Below is a listing; retype exactly the lines between the one containing "2017年郑州豫才过程性评价四年级英语真题(2)" and the one containing "Remove the squash", inclusive, minus the pictures.

[Given records — start]

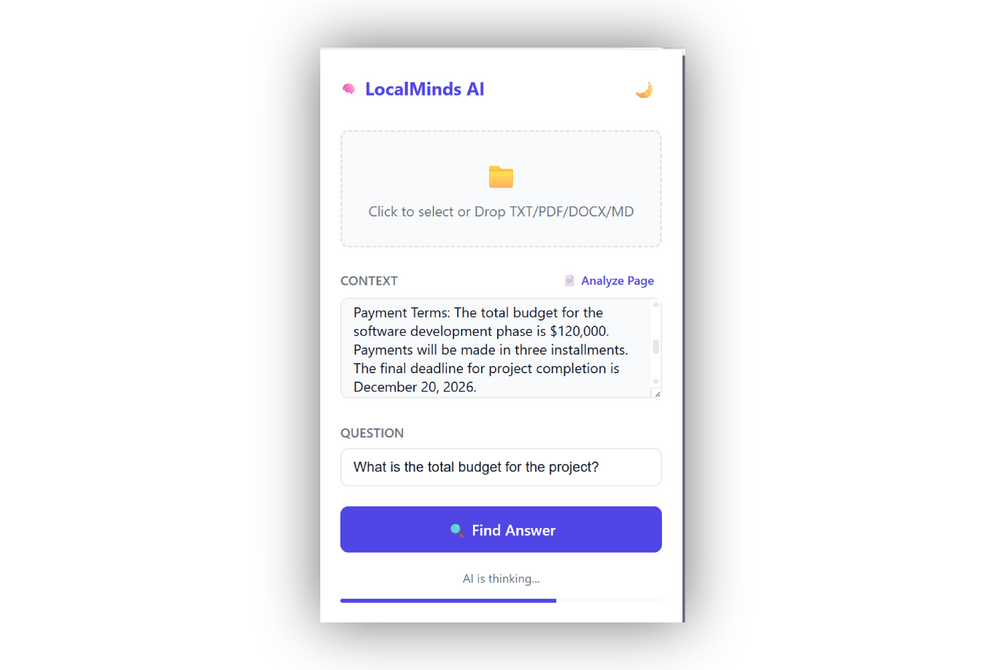 LocalMinds AI is a privacy-first Chrome Extension that runs a Large Language Model (LLM) entirely within your browser. It utilizes WebAssembly and Transformers.js to execute the LaMini-Flan-T5-248M model locally on your CPU.
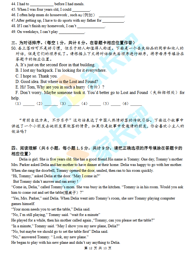 2017年郑州豫才过程性评价四年级英语真题(2)
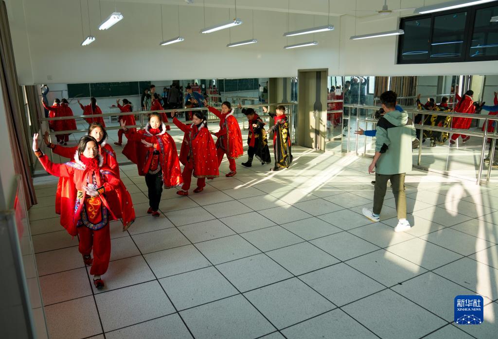11月28日,在墊江縣武安小學校的舞蹈室內,民間藝人李勇(右一)指導川劇變臉社團的學生進行基本功練習。
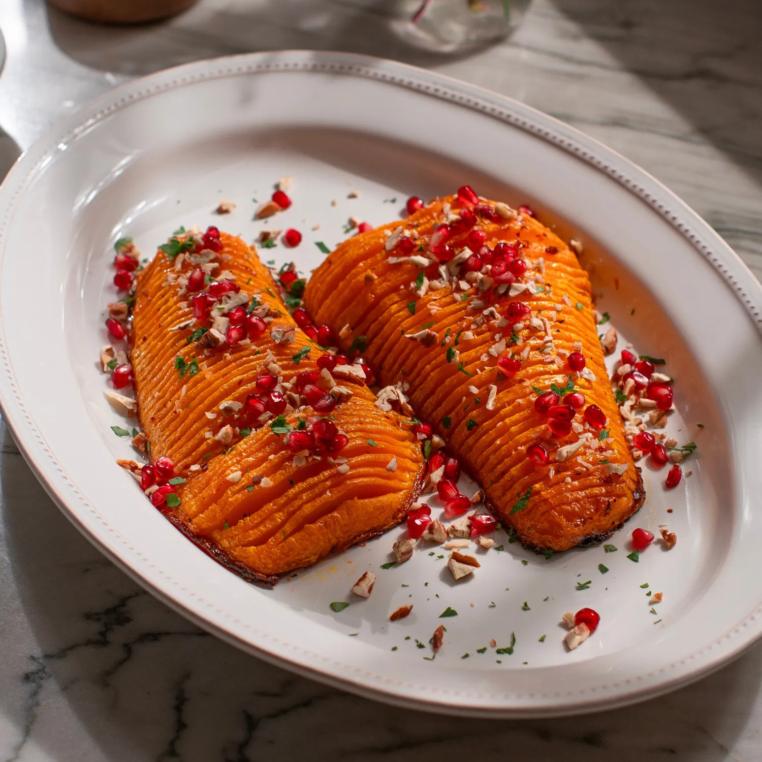 Remove the squash and brush with any remaining glaze. Carefully transfer both halves to a serving platter. Garnish with chopped pecans, pomegranate seeds, and some fresh parsley.
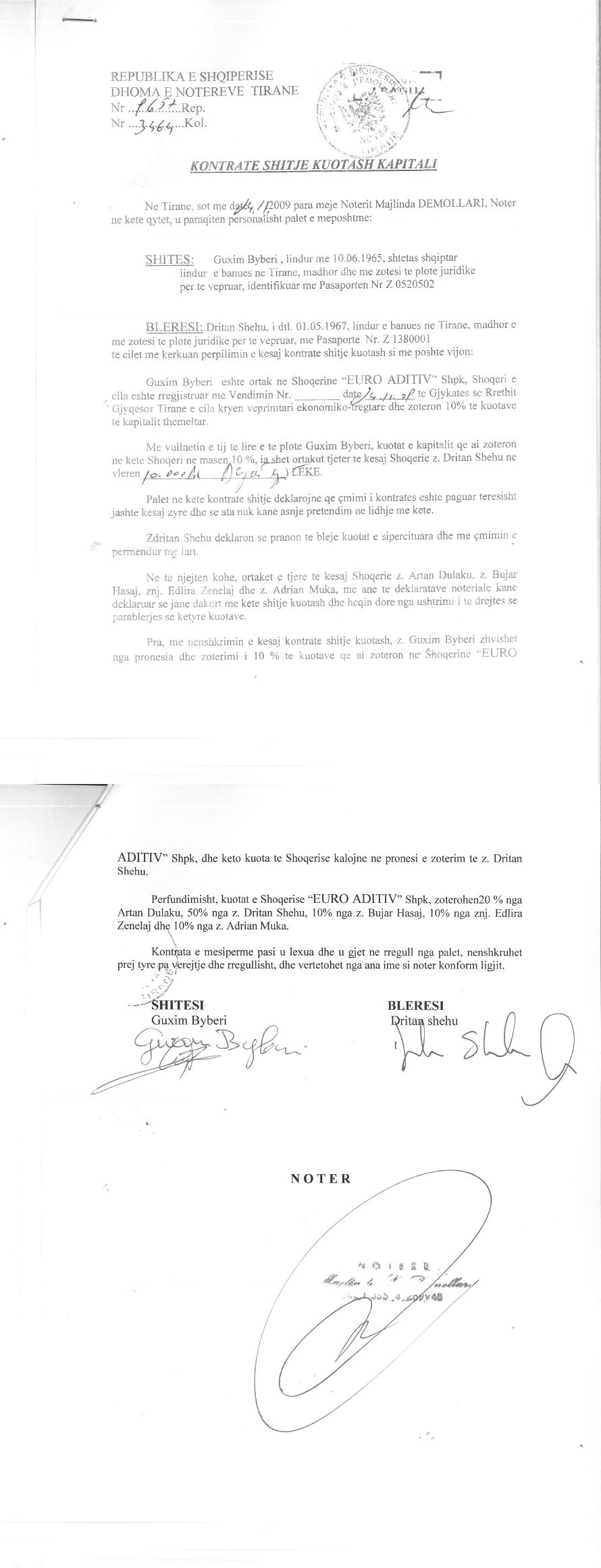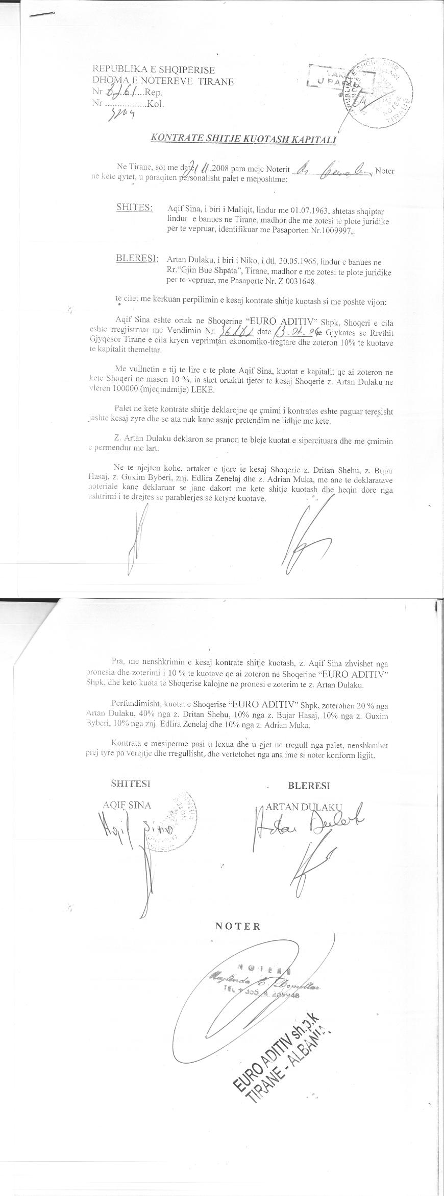keto kuota”. II. Me datë 21.05.2013, me anë të Urdhrit Nr.1358 Prot., lëshuar nga Shoqëria permbarimore "Bailiff Services Albania" sh.p.k., u urdhëruar: "Vendosja e masës së sekuestros konservative në kuota/aksione te cilat zoterohen nga pala debitore Bujar Hasaj ne shoqerite e regjistruara prane regjistrit tregtar. III. Me datë 14.08.2013, me anë të Urdherit Nr.8591 Prot., Nr.Dosje 218, lëshuar nga Shoqeria Permbaruese Private “E.P.S.A” sh.p.k, u urdhërua: -Heqja e mases se sekuestros mbi kuotat e debitorit Z.Bujar Kovaç Hasaj kerkuar nga ana jone me shkresen Nr.11651 Prot, date 28.08.2012. IV. Me datë 01.12.2015, me anë të urdhrit Nr. 1595/6 - 1195 - 15 Prot., leshuar nga shoqeria "Kodra Bailiff Service" sh.p.k, u urdhërua: vendosja e mases se sekuestros konservative mbi aktivin qe zoteron debitori Euro Aditiv sh.p.k, me NUIS (NIPT) K61921014F. Ky aktiv te qendroje i bllokuar der ne nje urdher te dyte. V. Me datë 25.04.2019, me anë të urdhrit Nr.713 - 1195 -15 Prot., leshuar nga shoqeria "Kodra Bailiff Service" sh.p.k, për heqjen e mases se sekuestros konservative mbi kuotat/aksionet e debitorit Euro Aditiv sh.p.k, me NUIS (NIPT) K61921014F, si dhe mbi te drejtat qe rrjedhin prej tyre. Heqjen e mases se sekuestros konservative ne te tjera kuota/aksione te debitorit ne shoqeri te tjera te regjistruara prane regjistrit tregtar. VI. Me datë 07.06.2019, me anë të Urdhrit Nr. 112 Prot., Nr. 222 Regj., leshuar nga Shoqeria Permbarimore “Avdulaj Bailiff Services” sh.p.k, u urdherua: Heqja e mases se sekuestros konservative mbi aktivet e shoqerise “EURO ADITIV” sh.p.k, me NUIS (NIPT) K61921014F, te bllokuara me ane te shkreses Nr. 1358 Prot., date 21.05.2013 te shoqerise permbarimore Bailiff Services Albania. VII. Me datë 08.06.2023, me anë të shkresës Nr. 26371 Prot, për Vendosje të Masës së Sigurimit të Detyrimit Tatimor, lëshuar nga Drejtoria e Përgjithshme e Tatimeve, Rajoni Qendror, u kërkua: Vendosje të masës së sigurimit të detyrimit tatimor, mbi tatimpaguesin shoqëria " EURO ADITIV " SHPK, pajisur me NUIS (Nipt)- K61921014F, me perfaqësues ligjor Dritan Shehu. Vendosja e kësaj masë synon të moslejohet tjetërsimi i titujve të pronësisë dhe të drejtat pasurore që i përkasin këtij tatimpaguesit deri në shlyerjen e detyrimeve tatimore. |

[Given records — finish]

## Answer box:
 2017年郑州豫才过程性评价四年级英语真题(2)
11月28日,在墊江縣武安小學校的舞蹈室內,民間藝人李勇(右一)指導川劇變臉社團的學生進行基本功練習。
 Remove the squash and brush with any remaining glaze. Carefully transfer both halves to a serving platter. Garnish with chopped pecans, pomegranate seeds, and some fresh parsley.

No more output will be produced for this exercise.